Two Stories from Eastern Oregon

Two stories from Healthy Beginnings+Healthy Communities Collaborative Eastern Oregon Latino Alliance for Children and Families, which is led by EUVALCREE.

Insights from a Latina Youth Leader

 Ontario School District representative Benardina Navarrete and High School Student Genesis Romero stand on either side of an Ontario School District banner in the hallway of Alameda Elementary School.

Ontario School District representative Benardina Navarrete and High School Student Genesis Romero stand on either side of an Ontario School District banner in the hallway of Alameda Elementary School.

Genesis Romero is a EUVALCREE volunteer and a senior at Vale High School in Vale, OR. For her senior project she organized a resource fair to inform Latino families of existing resources and services in the community.

The event took place on October 8th from 10am to 2pm at Alameda Elementary School in Ontario, OR.

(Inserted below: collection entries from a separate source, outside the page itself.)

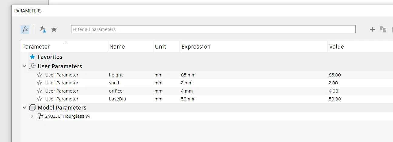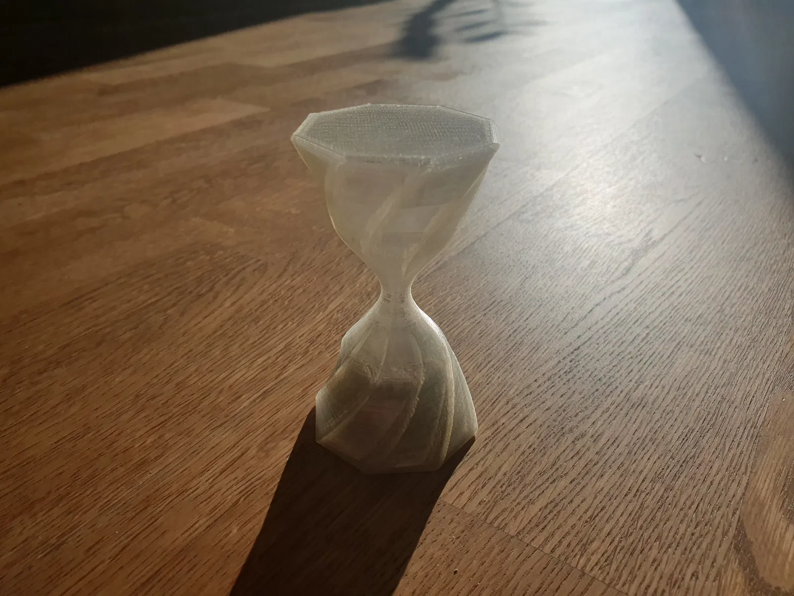 Mô hình đồng hồ cát thiết kế trên Fusion 360, với thành dày 2mm. Thích hợp để làm đồ chơi bàn làm việc hoặc làm vật trang trí. Có thể dùng bi thép, cát khô, kê, hạt silica gel hoặc các loại hạt tròn khác làm "cát" bên trong. Hướng dẫn cách kiểm tra kích thước lỗ phù hợp để "cát" chảy đều.
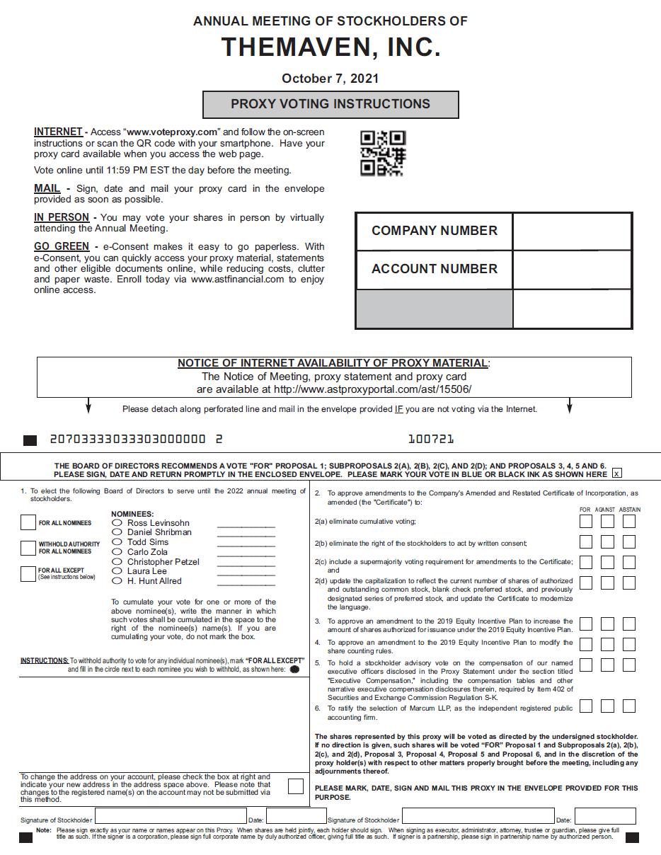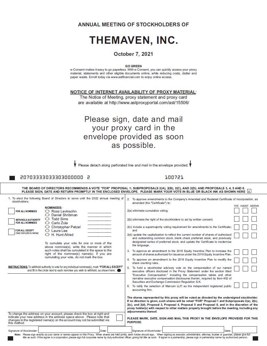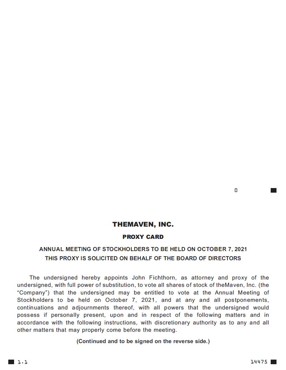 It is our pleasure to invite you to this year’s Annual Meeting of the Stockholders of theMaven, Inc. (the “Annual Meeting”). Due to the public health impact of the coronavirus (“COVID-19”) pandemic, and out of concern for the health and safety of our stockholders, directors, and members of management, the Annual Meeting will be held on Thursday, October 7, 2021 at 9:00 a.m., Eastern Time, in a virtual meeting format only. There will be no physical location for stockholders to attend the Annual Meeting. Stockholders will be able to listen and vote, regardless of their physical location, by logging on to https://web.lumiagm.com/273495257 using the meeting password and the 11-digit control number found in the proxy materials previously distributed to you. The password for the meeting is themaven2021. If you hold your shares through an intermediary, such as a bank, broker, or other nominee, you must register in advance to attend the Annual Meeting. To register, you must submit proof of your “legal proxy” obtained from your bank, broker, or nominee reflecting your holdings, along with your name and email address, to American Stock Transfer & Trust Company, LLC: (i) by email to proxy@astfinancial.com; (ii) by facsimile to 718.765.8730; or (iii) by mail to American Stock Transfer & Trust Company, LLC, Attn: Proxy Tabulation Department, 6201 15th Avenue, Brooklyn, New York 11219. Please reference “theMaven 2021 Annual Meeting October 7, 2021” in the subject line. Obtaining a “legal proxy” may take several days and stockholders are advised to register as far in advance as possible. Requests for registration must be labeled as “Legal Proxy” and be received no later than 5:00 p.m., Eastern Time, on September 30, 2021. You will receive a confirmation email from American Stock Transfer & Trust Company, LLC of your registration. If you plan to participate in the Annual Meeting, please see the Instructions for the Virtual Annual Meeting section in the attached Proxy Statement. The purpose of the Annual Meeting is to vote on the following:
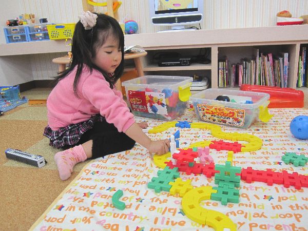 ブロックで、車が通る道を作ったり、おままごとをしたり
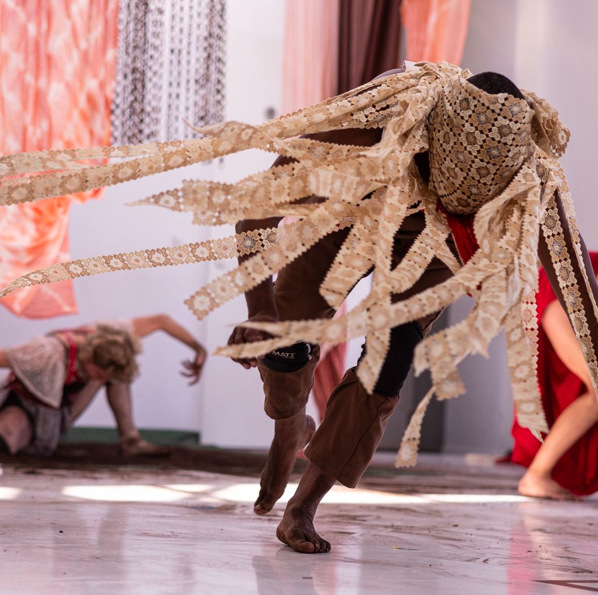 The winding paths of everyday life are not the same for everyone. Racism, sexism and other forms of discrimination exert violence in different ways on people. The Berlin-based choreographer and dancer Ricardo de Paula and the company Grupo Oito follow the traces of this violence, search for dance paths through the social labyrinth and, with the help of fantasy and spirituality, for rituals of healing. Using their own bodies and postcolonial theories as a starting point, they explore transformative potentials to reveal new ways of seeing and accessing their own power and strength. The audience follows this idea through a space where stage and audience space merge and where a fantastic world opens up with countless possibilities, visions and support.
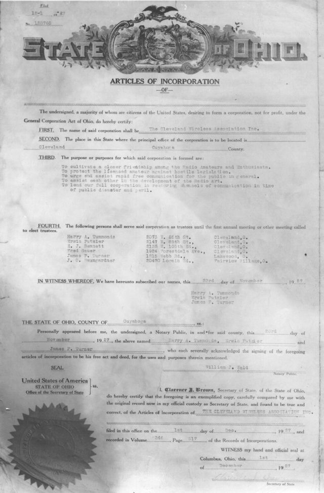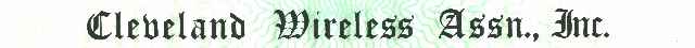 The Cleveland Wireless Association was formed in 1927 during the early years of amateur radio. The club constitution was signed July 1930. During August 25 - September 2, 1929 the Cleveland Wireless Association was granted exclusive control of all communications for the famous Cleveland Air Races, operating from headquarters station W8BF. CWA members who were cited for their flawless operations during the event:
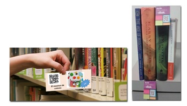 Cuando disponemos de ambos formatos, se puede incluir una pegatina en el ejemplar impreso o una tarjeta en el estante o en el propio libro, indicando su disponibilidad, ebook, app, etc., siempre incluyendo el código QR
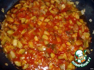 Добавляем к луку наши огурчики и томатную пасту, еще пару минут все это обжариваем.
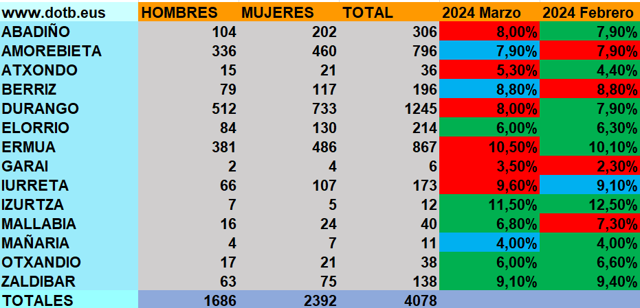 Salvo en dos, Ermua e Izurtza, se mantienen por debajo del diez por ciento con porcentajes entre un seis y un ocho por ciento, como es el caso de Amorebieta y Durango.
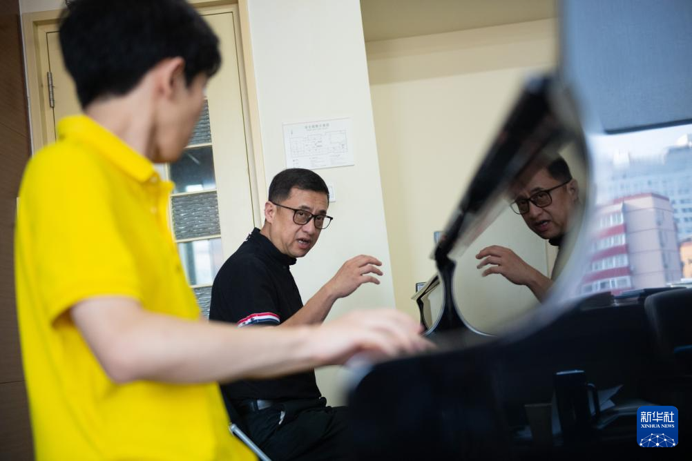 9月14日,中央音乐学院教授韦丹文(后)指导钢琴系学生练习莫扎特的《A大调钢琴协奏曲K.414》。
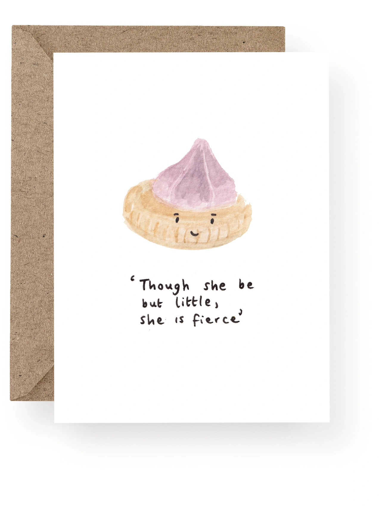 The Card reads 'Though she be but little, she is fierce' and features a watercolour illustration of a pink iced gem.
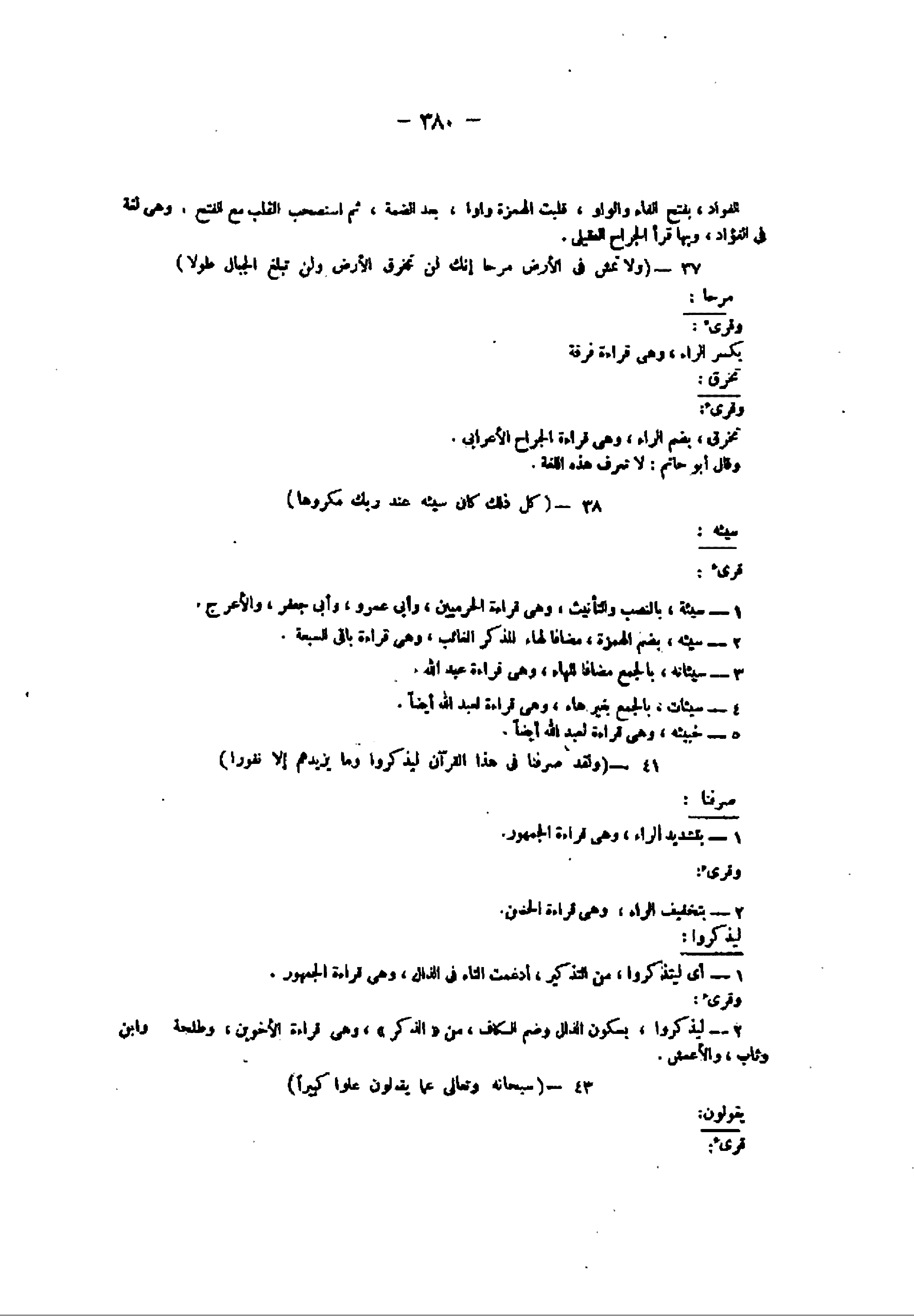 2- ليذكروا، بسكون الذال وضم الكاف، من «الذكر» ، وهى قراءة الأخوين، وطلحة وابن وثاب، والأعمش.
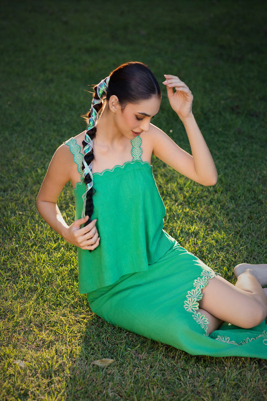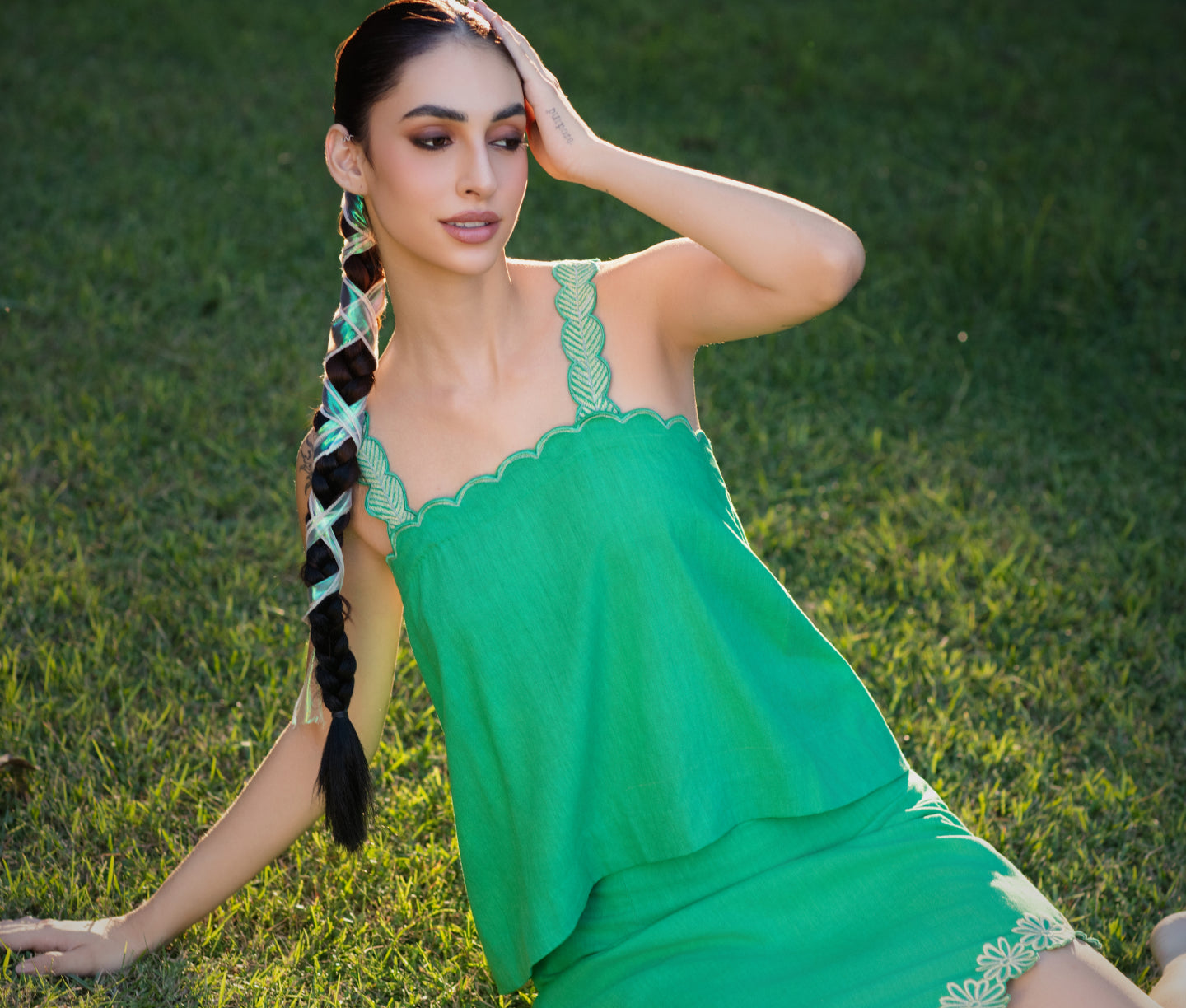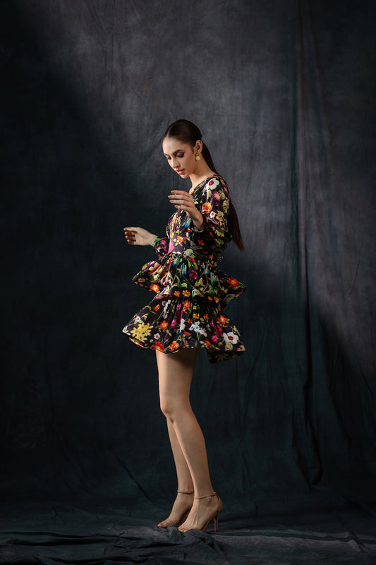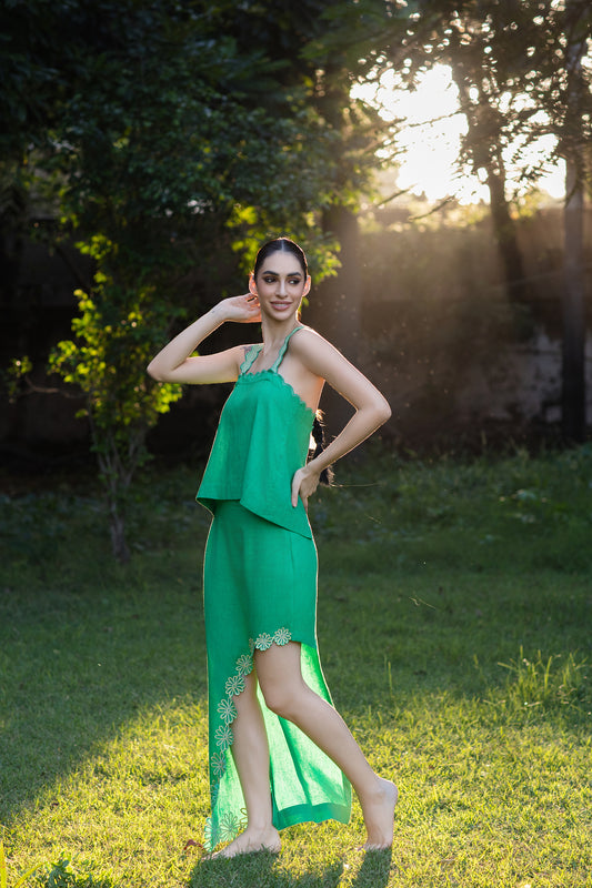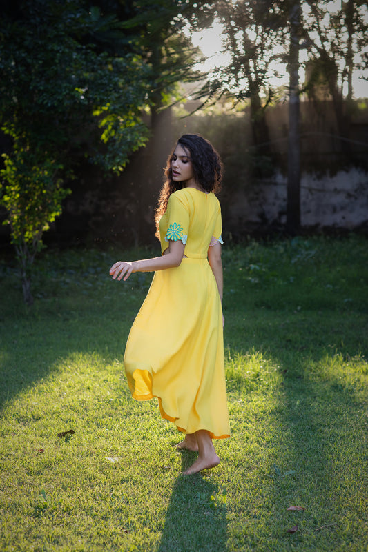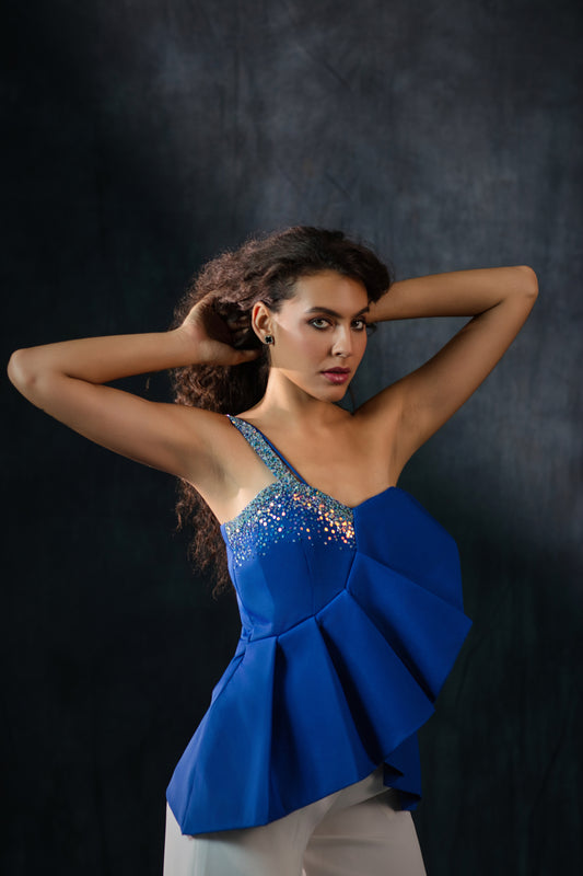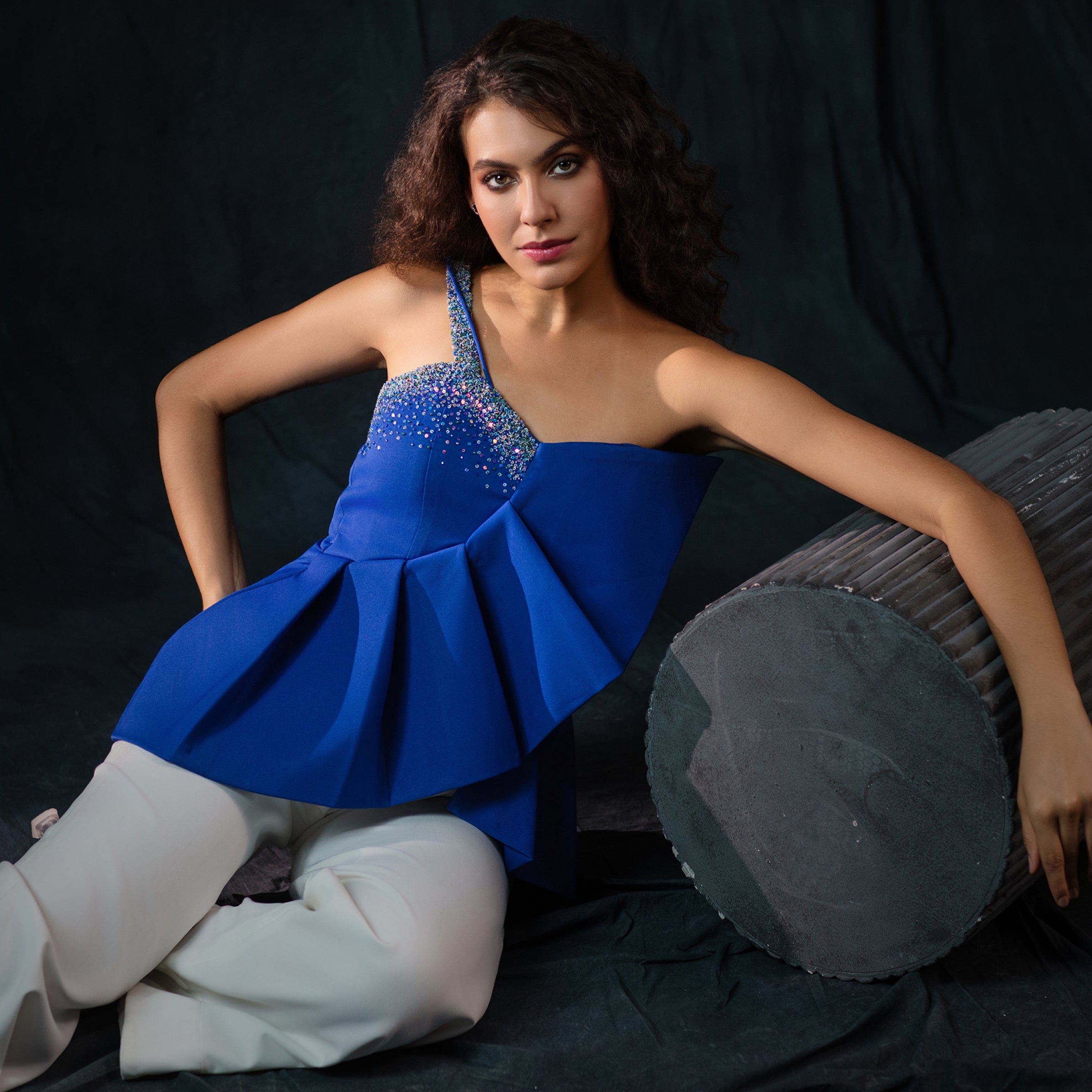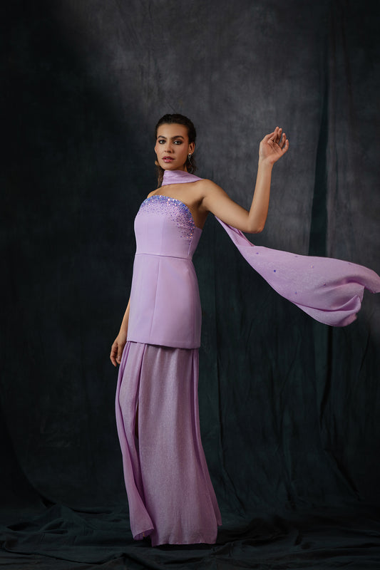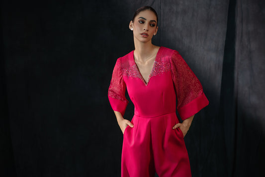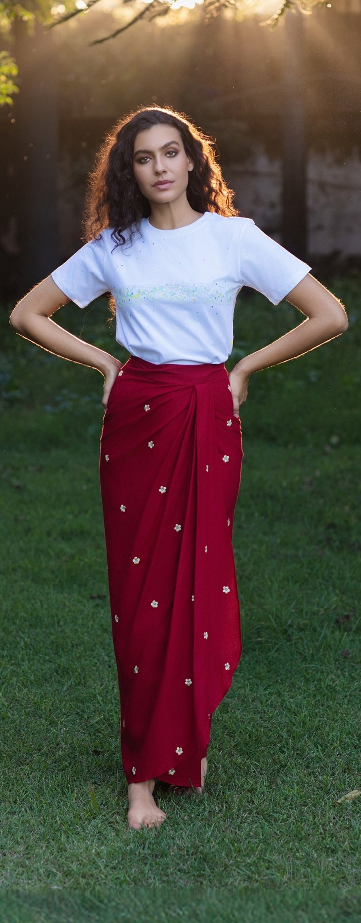 The elegance of luxe crepe meets the artistry of hand embellishment — graceful, luminous, and enduring.

Later that evening, Genesis participated in a focus group hosted by EUVALCREE to discuss community needs with one of our major partners, Saint Alphonsus Medical Center - Ontario. She shared insights from her own experience, as well as her learnings from the event she organized. Genesis said: The best thing a student can have is the support of their teachers. Unfortunately, more often then not, students are not supported by their teachers and, furthermore, are frequently disregarded as someone who is not going to accomplish much in life.

Genesis is graduating from high school this year. She dreams of becoming a forensic scientist and, later, a medical examiner. 

 

EUVALCREE Assesses Hard-to-Reach Community Members' Needs

 A EUVALCREE Community Organizer provides information on leadership and advocacy courses, and how to become a volunteer, at a table draped with a EUVALCREE banner. Three women and two kids crowd around the table.

A EUVALCREE Community Organizer provides information on leadership and advocacy courses, and how to become a volunteer, at a table draped with a EUVALCREE banner. Three women and two kids crowd around the table.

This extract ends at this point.